_Work instructions_
Retype the listing found below exactly, but leave out each picture.

══════

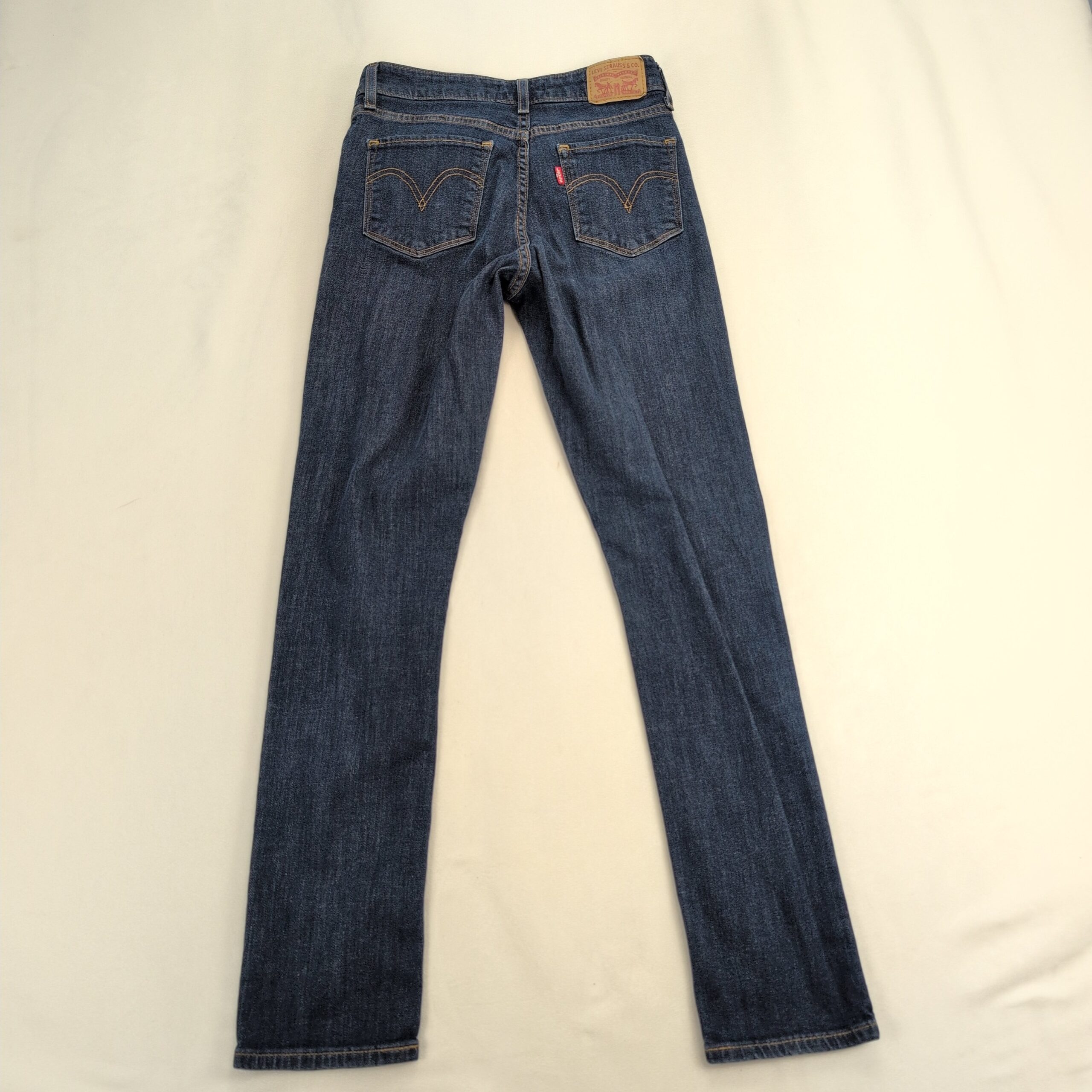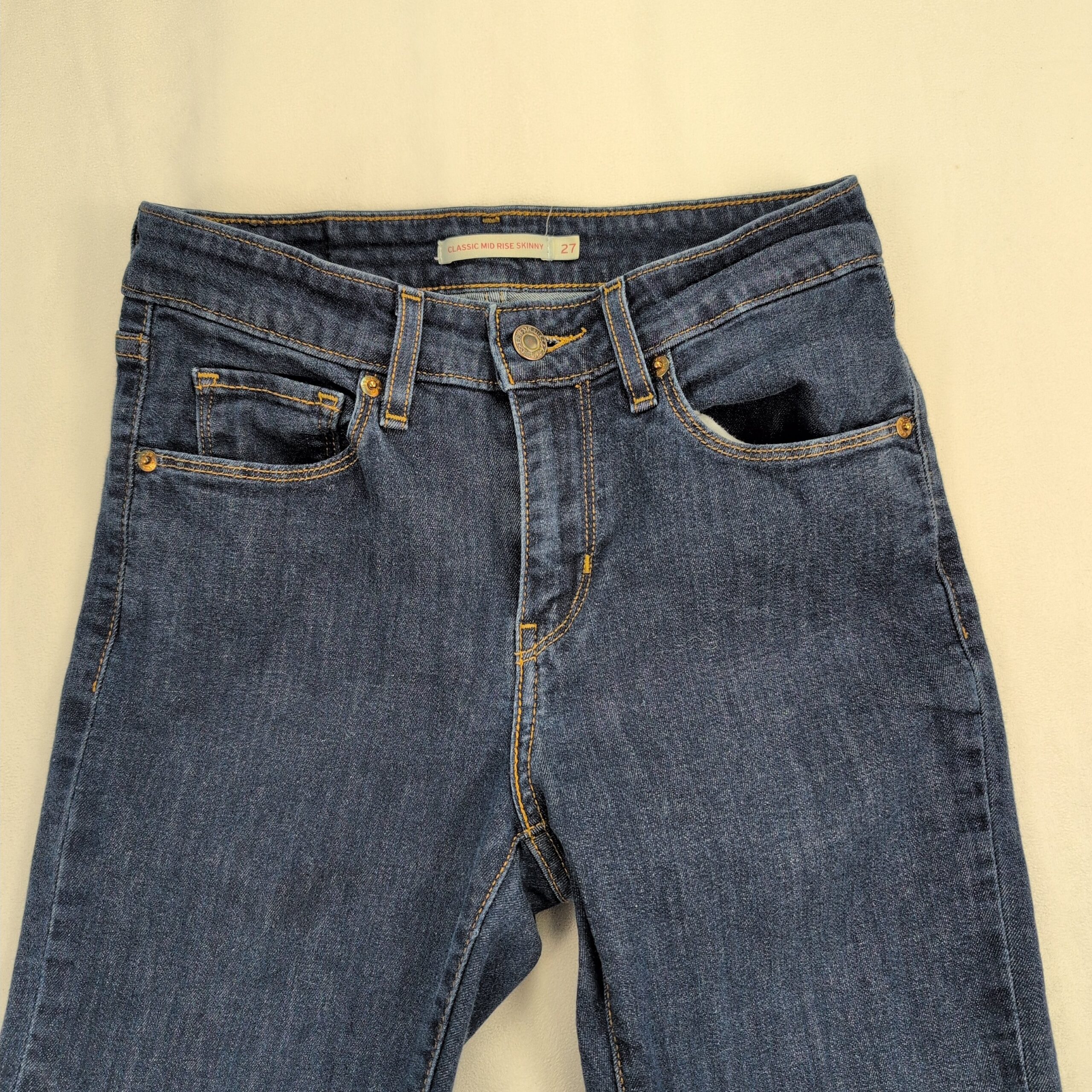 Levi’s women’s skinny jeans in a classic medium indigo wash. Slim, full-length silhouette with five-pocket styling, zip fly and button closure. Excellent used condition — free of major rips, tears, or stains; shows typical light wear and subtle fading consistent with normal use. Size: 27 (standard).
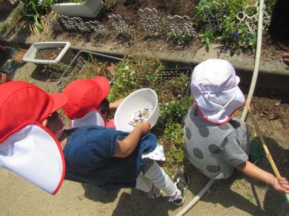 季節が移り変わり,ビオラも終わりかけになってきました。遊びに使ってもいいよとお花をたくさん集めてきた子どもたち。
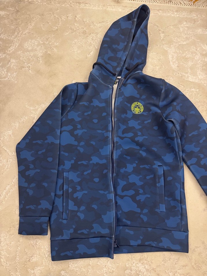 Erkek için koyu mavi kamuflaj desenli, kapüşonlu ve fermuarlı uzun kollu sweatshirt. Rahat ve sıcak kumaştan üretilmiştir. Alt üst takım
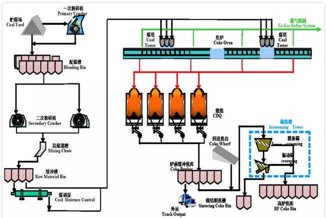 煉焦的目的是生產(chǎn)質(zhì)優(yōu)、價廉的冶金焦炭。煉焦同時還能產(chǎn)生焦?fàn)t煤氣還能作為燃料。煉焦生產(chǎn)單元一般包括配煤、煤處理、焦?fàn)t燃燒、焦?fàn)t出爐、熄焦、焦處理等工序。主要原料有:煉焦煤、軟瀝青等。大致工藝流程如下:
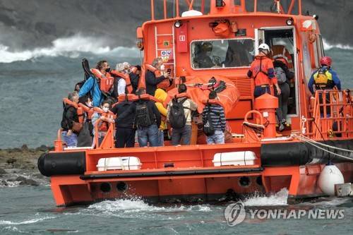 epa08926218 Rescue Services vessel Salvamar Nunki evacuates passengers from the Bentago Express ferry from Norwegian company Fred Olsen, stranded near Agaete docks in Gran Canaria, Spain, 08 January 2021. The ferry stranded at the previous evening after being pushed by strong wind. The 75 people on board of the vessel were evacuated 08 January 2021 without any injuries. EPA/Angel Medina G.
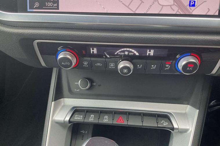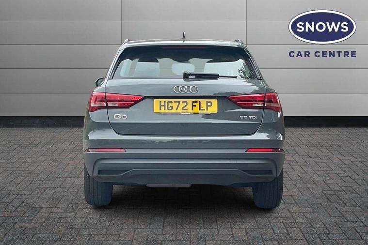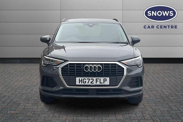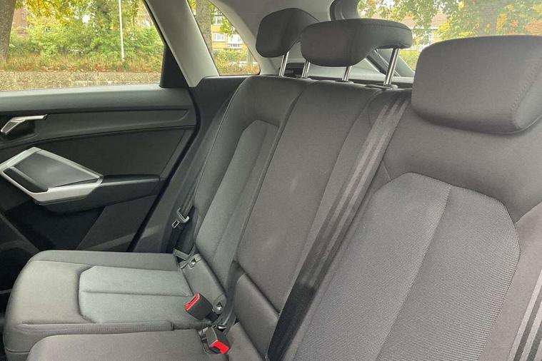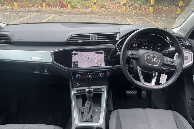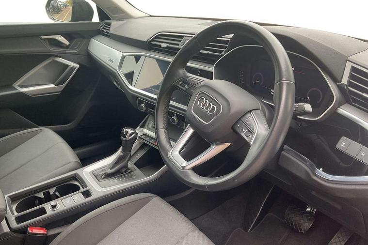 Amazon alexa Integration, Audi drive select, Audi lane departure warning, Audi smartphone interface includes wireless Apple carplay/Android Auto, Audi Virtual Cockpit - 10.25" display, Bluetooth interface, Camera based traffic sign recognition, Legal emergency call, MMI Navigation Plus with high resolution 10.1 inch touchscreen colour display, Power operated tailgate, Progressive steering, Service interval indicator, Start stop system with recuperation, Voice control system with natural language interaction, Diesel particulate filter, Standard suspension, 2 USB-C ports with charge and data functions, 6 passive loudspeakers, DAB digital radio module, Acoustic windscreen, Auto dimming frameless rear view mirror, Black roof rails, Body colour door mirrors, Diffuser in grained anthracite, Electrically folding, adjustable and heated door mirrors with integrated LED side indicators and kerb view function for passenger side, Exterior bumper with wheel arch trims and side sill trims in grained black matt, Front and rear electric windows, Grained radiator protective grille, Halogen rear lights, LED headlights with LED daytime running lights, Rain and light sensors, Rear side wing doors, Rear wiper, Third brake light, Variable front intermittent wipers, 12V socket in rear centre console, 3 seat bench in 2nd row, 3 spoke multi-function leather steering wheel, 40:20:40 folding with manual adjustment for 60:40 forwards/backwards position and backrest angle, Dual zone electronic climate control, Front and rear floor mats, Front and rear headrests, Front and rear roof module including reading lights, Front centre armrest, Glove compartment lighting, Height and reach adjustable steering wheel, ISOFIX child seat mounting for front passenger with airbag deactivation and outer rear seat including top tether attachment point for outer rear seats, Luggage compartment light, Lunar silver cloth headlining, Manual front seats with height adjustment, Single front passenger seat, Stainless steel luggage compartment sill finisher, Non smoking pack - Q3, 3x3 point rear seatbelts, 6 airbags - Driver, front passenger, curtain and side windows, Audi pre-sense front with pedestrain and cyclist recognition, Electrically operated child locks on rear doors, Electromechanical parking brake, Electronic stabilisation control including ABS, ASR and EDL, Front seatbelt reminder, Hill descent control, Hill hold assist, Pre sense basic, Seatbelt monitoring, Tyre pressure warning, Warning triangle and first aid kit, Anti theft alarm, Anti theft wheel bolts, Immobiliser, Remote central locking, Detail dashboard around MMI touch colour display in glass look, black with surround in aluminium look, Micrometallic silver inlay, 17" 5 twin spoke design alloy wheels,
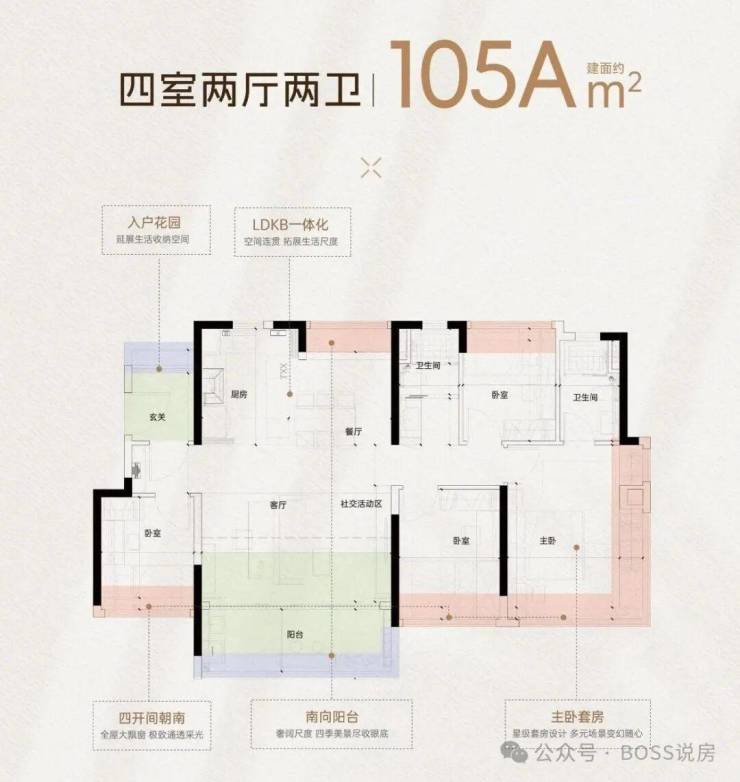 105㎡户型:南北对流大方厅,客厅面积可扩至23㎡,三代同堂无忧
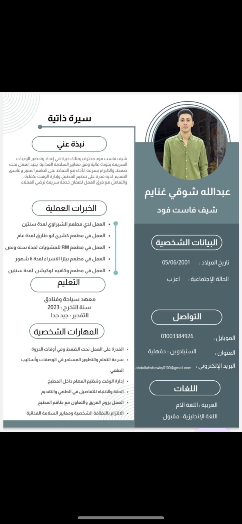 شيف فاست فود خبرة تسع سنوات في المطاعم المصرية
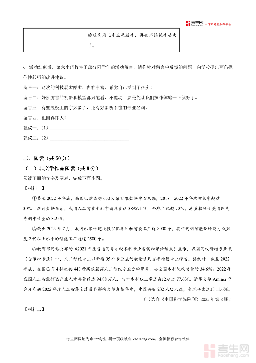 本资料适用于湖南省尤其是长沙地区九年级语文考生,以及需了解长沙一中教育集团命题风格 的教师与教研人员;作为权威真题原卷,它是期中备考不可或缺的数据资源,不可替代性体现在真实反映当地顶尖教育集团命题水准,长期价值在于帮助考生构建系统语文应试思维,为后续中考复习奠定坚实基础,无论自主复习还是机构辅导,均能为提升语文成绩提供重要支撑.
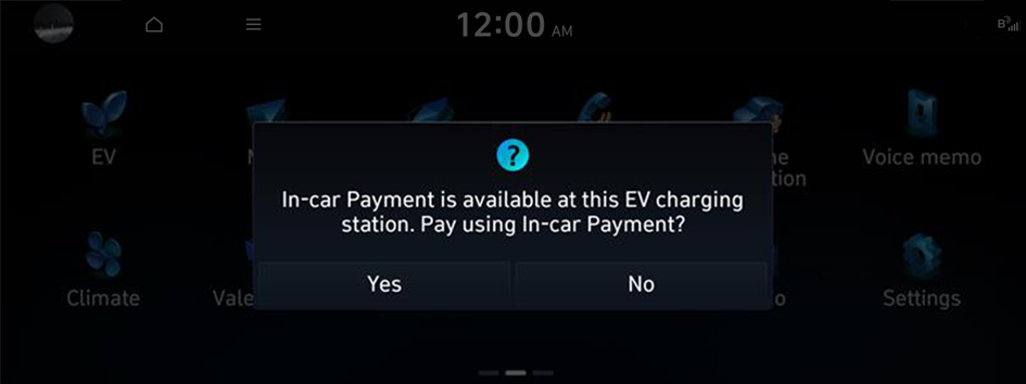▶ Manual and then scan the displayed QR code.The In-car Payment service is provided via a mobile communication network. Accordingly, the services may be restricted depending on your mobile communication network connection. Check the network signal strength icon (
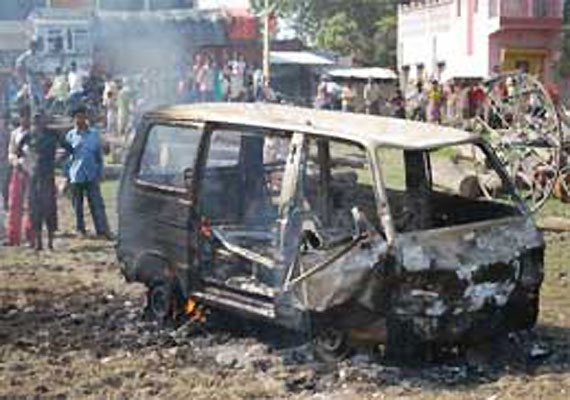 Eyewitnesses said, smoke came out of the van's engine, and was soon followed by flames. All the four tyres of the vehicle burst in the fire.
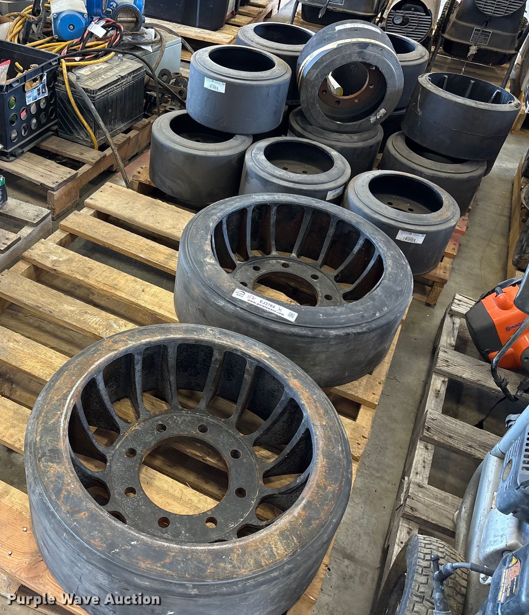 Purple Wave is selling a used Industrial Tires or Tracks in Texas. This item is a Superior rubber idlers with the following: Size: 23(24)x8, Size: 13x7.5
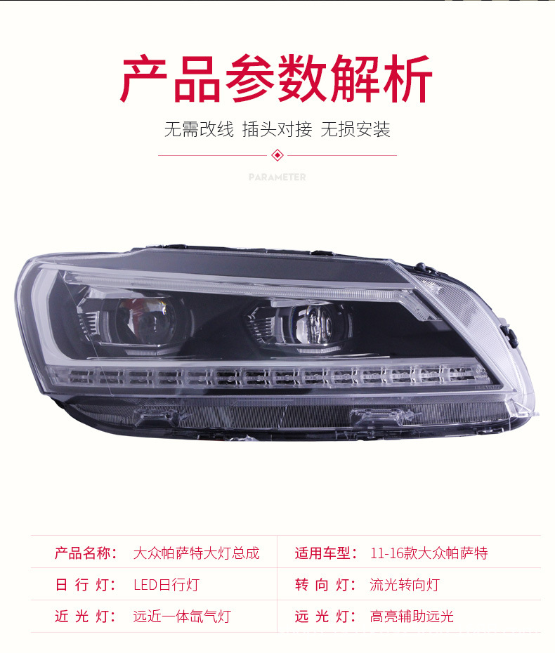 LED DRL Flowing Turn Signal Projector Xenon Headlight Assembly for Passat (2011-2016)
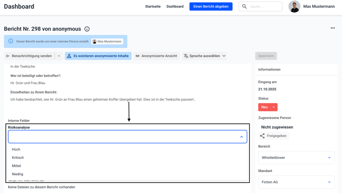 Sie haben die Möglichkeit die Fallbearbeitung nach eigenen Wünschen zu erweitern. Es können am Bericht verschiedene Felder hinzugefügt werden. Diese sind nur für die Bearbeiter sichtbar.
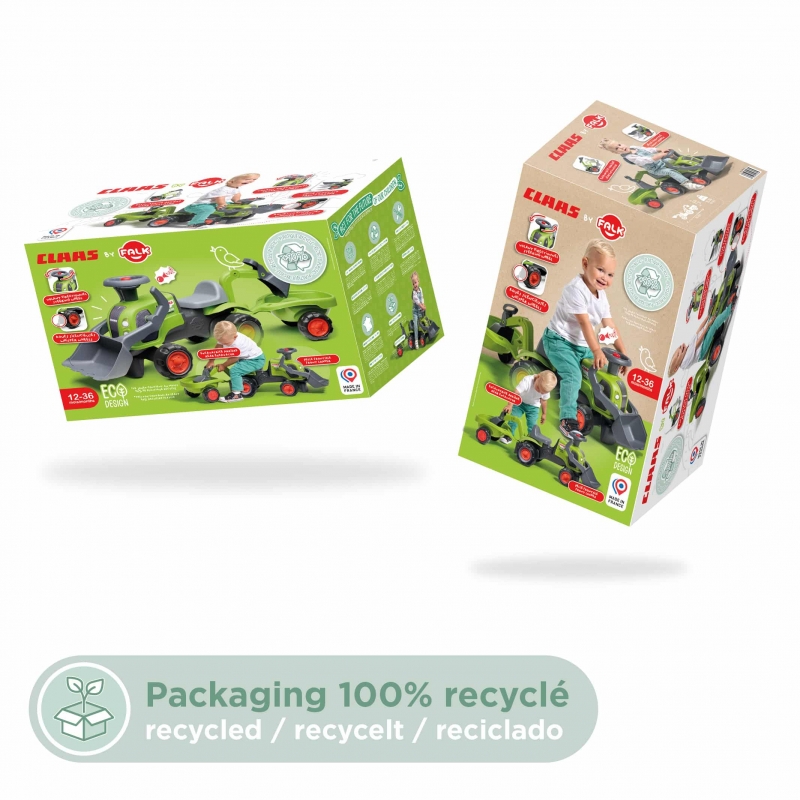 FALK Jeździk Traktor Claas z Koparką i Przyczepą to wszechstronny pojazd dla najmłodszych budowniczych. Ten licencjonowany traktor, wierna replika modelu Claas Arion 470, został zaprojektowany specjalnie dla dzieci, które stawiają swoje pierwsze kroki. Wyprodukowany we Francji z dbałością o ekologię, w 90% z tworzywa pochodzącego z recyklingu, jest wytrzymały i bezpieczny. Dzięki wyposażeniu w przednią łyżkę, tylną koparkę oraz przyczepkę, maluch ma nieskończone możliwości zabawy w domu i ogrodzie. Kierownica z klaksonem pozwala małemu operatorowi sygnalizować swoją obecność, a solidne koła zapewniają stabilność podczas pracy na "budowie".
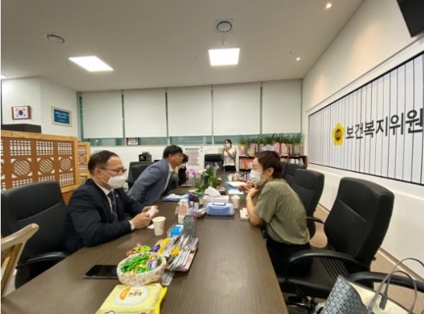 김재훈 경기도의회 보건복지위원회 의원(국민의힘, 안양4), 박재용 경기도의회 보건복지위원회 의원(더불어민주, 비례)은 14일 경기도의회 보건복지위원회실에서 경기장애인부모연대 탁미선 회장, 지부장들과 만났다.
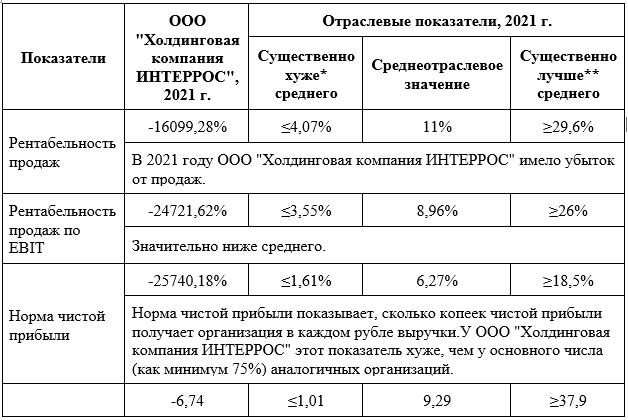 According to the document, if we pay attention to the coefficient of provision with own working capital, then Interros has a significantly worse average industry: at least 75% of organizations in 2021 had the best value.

══════

_Solution to this task_
 Levi’s women’s skinny jeans in a classic medium indigo wash. Slim, full-length silhouette with five-pocket styling, zip fly and button closure. Excellent used condition — free of major rips, tears, or stains; shows typical light wear and subtle fading consistent with normal use. Size: 27 (standard).
 季節が移り変わり,ビオラも終わりかけになってきました。遊びに使ってもいいよとお花をたくさん集めてきた子どもたち。
 Erkek için koyu mavi kamuflaj desenli, kapüşonlu ve fermuarlı uzun kollu sweatshirt. Rahat ve sıcak kumaştan üretilmiştir. Alt üst takım
 煉焦的目的是生產(chǎn)質(zhì)優(yōu)、價廉的冶金焦炭。煉焦同時還能產(chǎn)生焦?fàn)t煤氣還能作為燃料。煉焦生產(chǎn)單元一般包括配煤、煤處理、焦?fàn)t燃燒、焦?fàn)t出爐、熄焦、焦處理等工序。主要原料有:煉焦煤、軟瀝青等。大致工藝流程如下:
 epa08926218 Rescue Services vessel Salvamar Nunki evacuates passengers from the Bentago Express ferry from Norwegian company Fred Olsen, stranded near Agaete docks in Gran Canaria, Spain, 08 January 2021. The ferry stranded at the previous evening after being pushed by strong wind. The 75 people on board of the vessel were evacuated 08 January 2021 without any injuries. EPA/Angel Medina G.
 Amazon alexa Integration, Audi drive select, Audi lane departure warning, Audi smartphone interface includes wireless Apple carplay/Android Auto, Audi Virtual Cockpit - 10.25" display, Bluetooth interface, Camera based traffic sign recognition, Legal emergency call, MMI Navigation Plus with high resolution 10.1 inch touchscreen colour display, Power operated tailgate, Progressive steering, Service interval indicator, Start stop system with recuperation, Voice control system with natural language interaction, Diesel particulate filter, Standard suspension, 2 USB-C ports with charge and data functions, 6 passive loudspeakers, DAB digital radio module, Acoustic windscreen, Auto dimming frameless rear view mirror, Black roof rails, Body colour door mirrors, Diffuser in grained anthracite, Electrically folding, adjustable and heated door mirrors with integrated LED side indicators and kerb view function for passenger side, Exterior bumper with wheel arch trims and side sill trims in grained black matt, Front and rear electric windows, Grained radiator protective grille, Halogen rear lights, LED headlights with LED daytime running lights, Rain and light sensors, Rear side wing doors, Rear wiper, Third brake light, Variable front intermittent wipers, 12V socket in rear centre console, 3 seat bench in 2nd row, 3 spoke multi-function leather steering wheel, 40:20:40 folding with manual adjustment for 60:40 forwards/backwards position and backrest angle, Dual zone electronic climate control, Front and rear floor mats, Front and rear headrests, Front and rear roof module including reading lights, Front centre armrest, Glove compartment lighting, Height and reach adjustable steering wheel, ISOFIX child seat mounting for front passenger with airbag deactivation and outer rear seat including top tether attachment point for outer rear seats, Luggage compartment light, Lunar silver cloth headlining, Manual front seats with height adjustment, Single front passenger seat, Stainless steel luggage compartment sill finisher, Non smoking pack - Q3, 3x3 point rear seatbelts, 6 airbags - Driver, front passenger, curtain and side windows, Audi pre-sense front with pedestrain and cyclist recognition, Electrically operated child locks on rear doors, Electromechanical parking brake, Electronic stabilisation control including ABS, ASR and EDL, Front seatbelt reminder, Hill descent control, Hill hold assist, Pre sense basic, Seatbelt monitoring, Tyre pressure warning, Warning triangle and first aid kit, Anti theft alarm, Anti theft wheel bolts, Immobiliser, Remote central locking, Detail dashboard around MMI touch colour display in glass look, black with surround in aluminium look, Micrometallic silver inlay, 17" 5 twin spoke design alloy wheels,
 105㎡户型:南北对流大方厅,客厅面积可扩至23㎡,三代同堂无忧
 شيف فاست فود خبرة تسع سنوات في المطاعم المصرية
 本资料适用于湖南省尤其是长沙地区九年级语文考生,以及需了解长沙一中教育集团命题风格 的教师与教研人员;作为权威真题原卷,它是期中备考不可或缺的数据资源,不可替代性体现在真实反映当地顶尖教育集团命题水准,长期价值在于帮助考生构建系统语文应试思维,为后续中考复习奠定坚实基础,无论自主复习还是机构辅导,均能为提升语文成绩提供重要支撑.
▶ Manual and then scan the displayed QR code.The In-car Payment service is provided via a mobile communication network. Accordingly, the services may be restricted depending on your mobile communication network connection. Check the network signal strength icon (
 Eyewitnesses said, smoke came out of the van's engine, and was soon followed by flames. All the four tyres of the vehicle burst in the fire.
 Purple Wave is selling a used Industrial Tires or Tracks in Texas. This item is a Superior rubber idlers with the following: Size: 23(24)x8, Size: 13x7.5
 LED DRL Flowing Turn Signal Projector Xenon Headlight Assembly for Passat (2011-2016)
 Sie haben die Möglichkeit die Fallbearbeitung nach eigenen Wünschen zu erweitern. Es können am Bericht verschiedene Felder hinzugefügt werden. Diese sind nur für die Bearbeiter sichtbar.
 FALK Jeździk Traktor Claas z Koparką i Przyczepą to wszechstronny pojazd dla najmłodszych budowniczych. Ten licencjonowany traktor, wierna replika modelu Claas Arion 470, został zaprojektowany specjalnie dla dzieci, które stawiają swoje pierwsze kroki. Wyprodukowany we Francji z dbałością o ekologię, w 90% z tworzywa pochodzącego z recyklingu, jest wytrzymały i bezpieczny. Dzięki wyposażeniu w przednią łyżkę, tylną koparkę oraz przyczepkę, maluch ma nieskończone możliwości zabawy w domu i ogrodzie. Kierownica z klaksonem pozwala małemu operatorowi sygnalizować swoją obecność, a solidne koła zapewniają stabilność podczas pracy na "budowie".
 김재훈 경기도의회 보건복지위원회 의원(국민의힘, 안양4), 박재용 경기도의회 보건복지위원회 의원(더불어민주, 비례)은 14일 경기도의회 보건복지위원회실에서 경기장애인부모연대 탁미선 회장, 지부장들과 만났다.
 According to the document, if we pay attention to the coefficient of provision with own working capital, then Interros has a significantly worse average industry: at least 75% of organizations in 2021 had the best value.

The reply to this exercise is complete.